Please repeat the data below exactly, with the pictures removed.

Data section:
↓

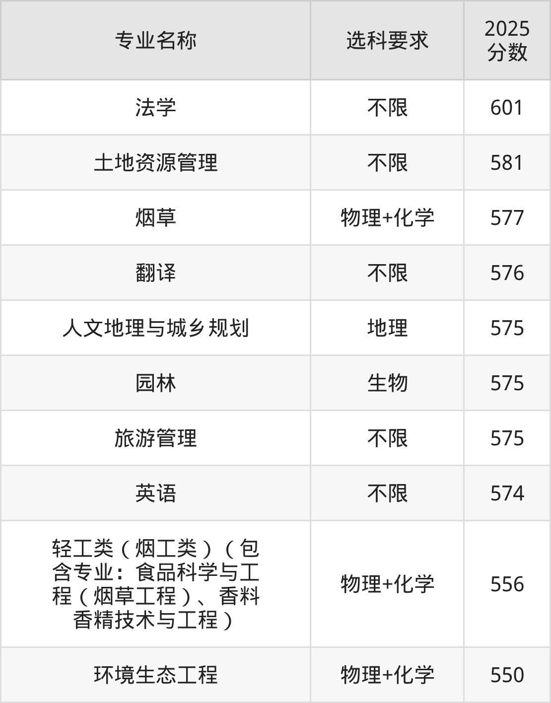 | 专业名称 | 选科要求 | 2025 分数 |
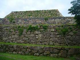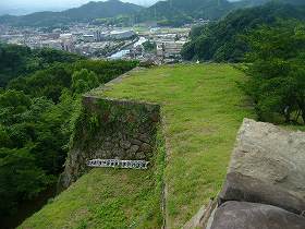 本丸は西側にも櫓門があり、下の段に接続している。下の段の先にも櫓門(水の手御門)があったようだ。また下の段の脇から、本丸の石垣の裾を通っていくと、遠見櫓跡に出る。ここから天守台側面の石段を降りていくと、最初に入ってきた本丸入口の枡形の所に出た。
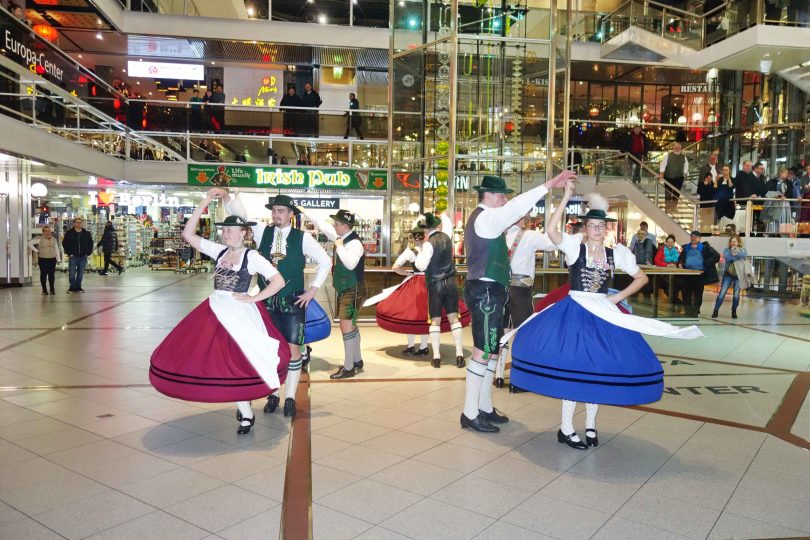 Parallel zur Internationalen Grünen Woche auf dem Berliner Messegelände findet im Europa-Center nahe Kudamm und Bahnhof Zoo eine Bayernwoche statt. Dabei treten noch bis Sonntag, 26. Januar die aus Bayern angereisten Musik-, Goaßlschnalzer- und Trachtengruppen im Rahmen ihrer Stadtrundfahrten oder nach ihrem Messeauftritt zustätzlich auf. Unsere ersten Aufnahmen zeigen die Isargau-Gaugruppe bei ihren Darbietungen im Europa-Center. Nach den Auftritten geht es noch zur gemütlichen und zum Teil auch musikalisch umrahmten Einkehr im Restaurant Kartoffelkiste im ersten Stock des Europa-Centers.
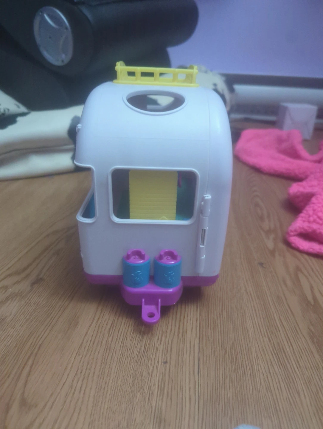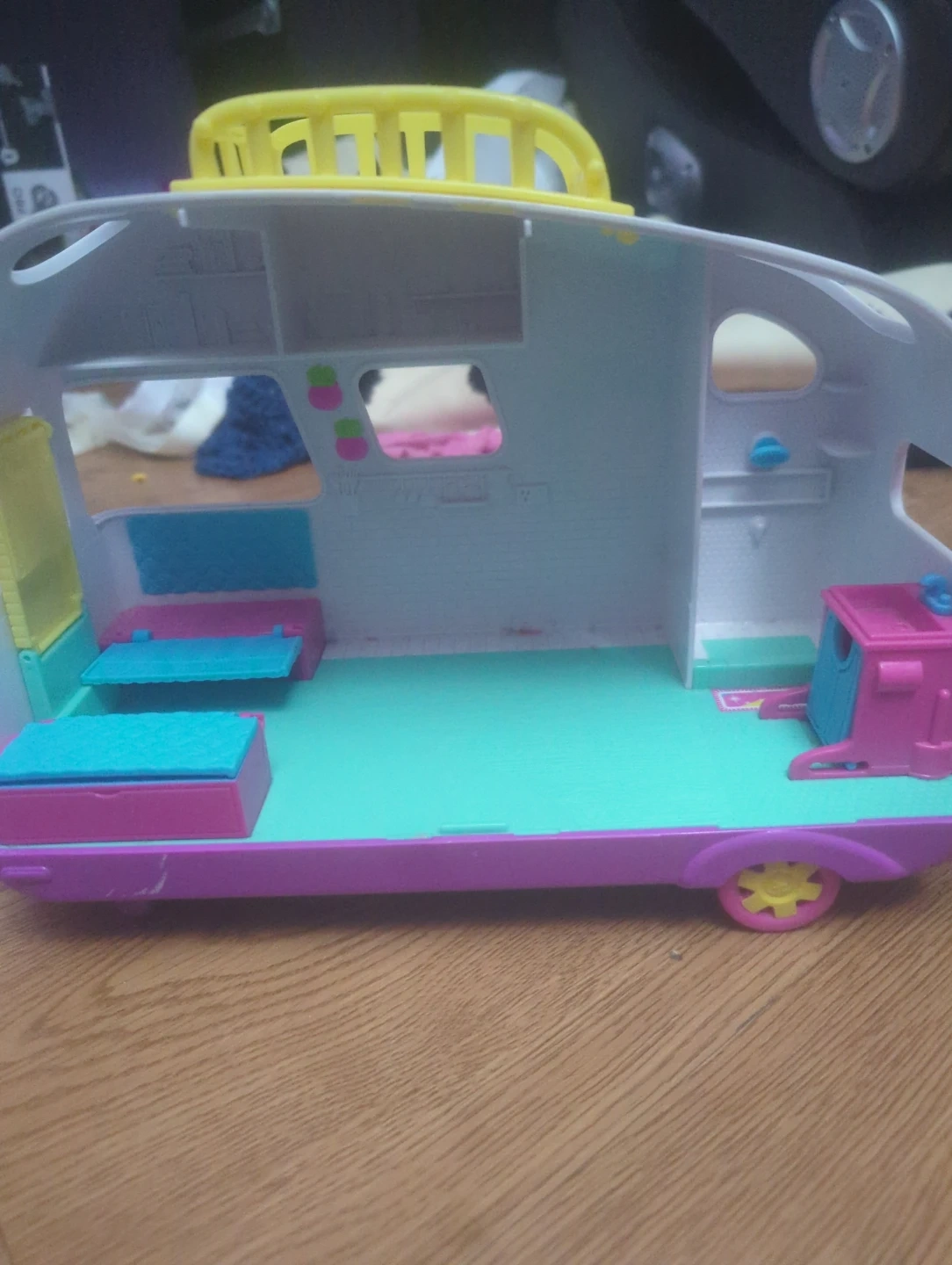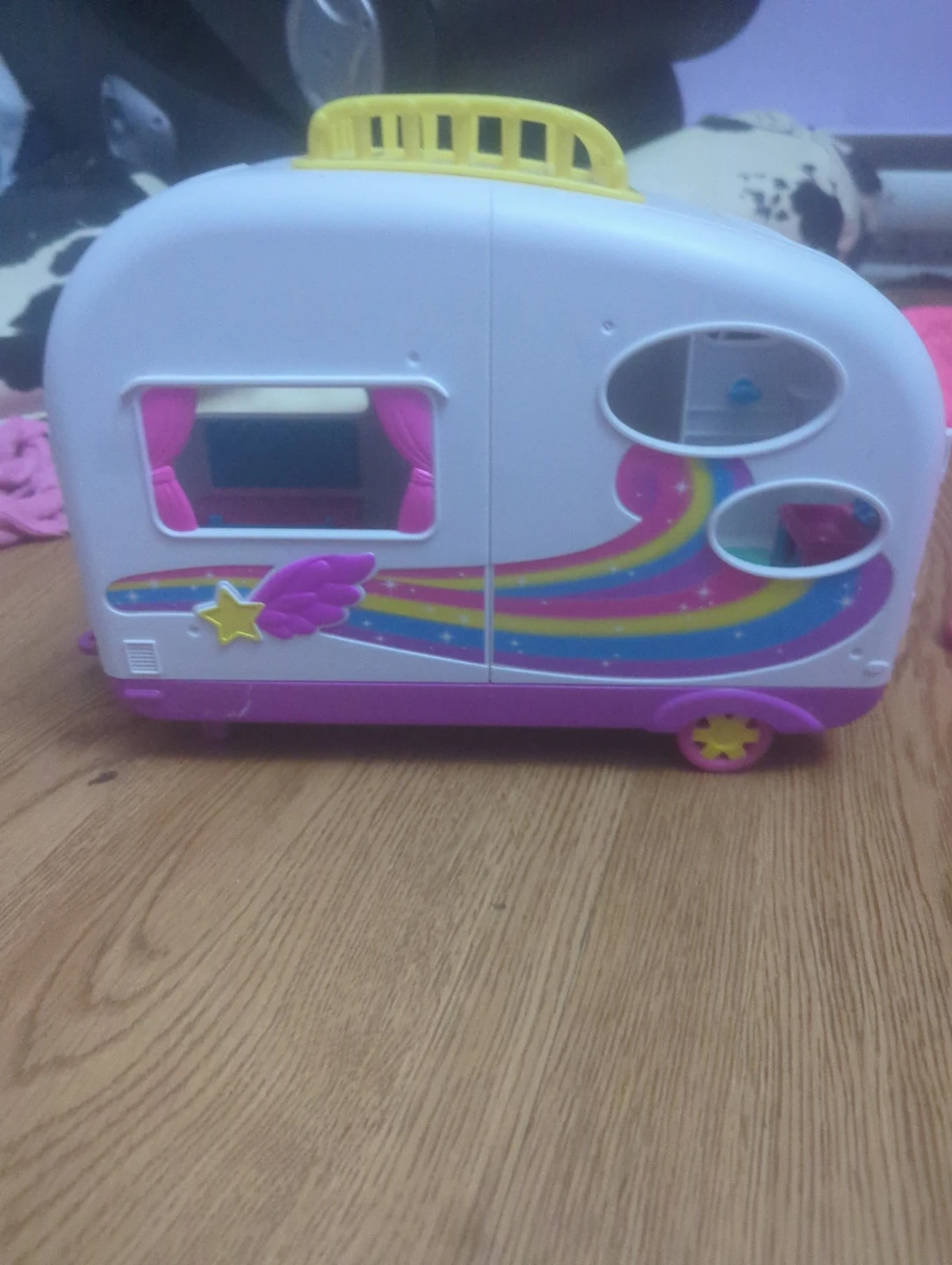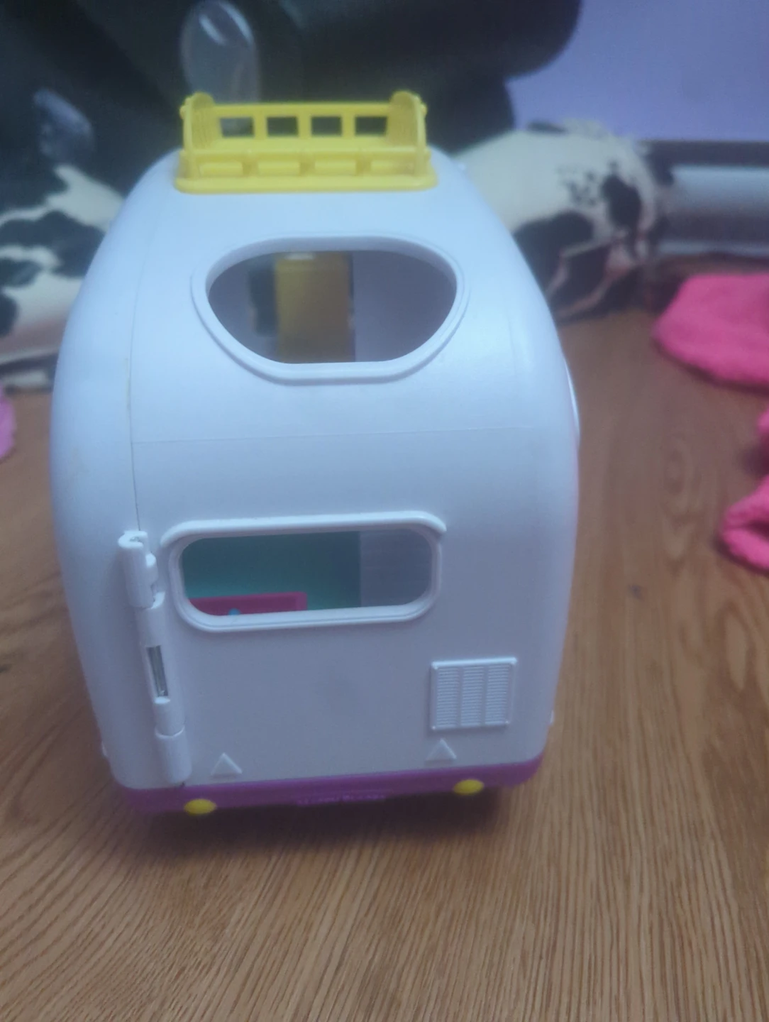 Shopkins camper van in great condition! It's white with pink and rainbow details, and a yellow roof rack. Perfect for your little one's Shopkins adventures

↑

Response to the exercise:
 | 专业名称 | 选科要求 | 2025 分数 |
 本丸は西側にも櫓門があり、下の段に接続している。下の段の先にも櫓門(水の手御門)があったようだ。また下の段の脇から、本丸の石垣の裾を通っていくと、遠見櫓跡に出る。ここから天守台側面の石段を降りていくと、最初に入ってきた本丸入口の枡形の所に出た。
 Parallel zur Internationalen Grünen Woche auf dem Berliner Messegelände findet im Europa-Center nahe Kudamm und Bahnhof Zoo eine Bayernwoche statt. Dabei treten noch bis Sonntag, 26. Januar die aus Bayern angereisten Musik-, Goaßlschnalzer- und Trachtengruppen im Rahmen ihrer Stadtrundfahrten oder nach ihrem Messeauftritt zustätzlich auf. Unsere ersten Aufnahmen zeigen die Isargau-Gaugruppe bei ihren Darbietungen im Europa-Center. Nach den Auftritten geht es noch zur gemütlichen und zum Teil auch musikalisch umrahmten Einkehr im Restaurant Kartoffelkiste im ersten Stock des Europa-Centers.
 Shopkins camper van in great condition! It's white with pink and rainbow details, and a yellow roof rack. Perfect for your little one's Shopkins adventures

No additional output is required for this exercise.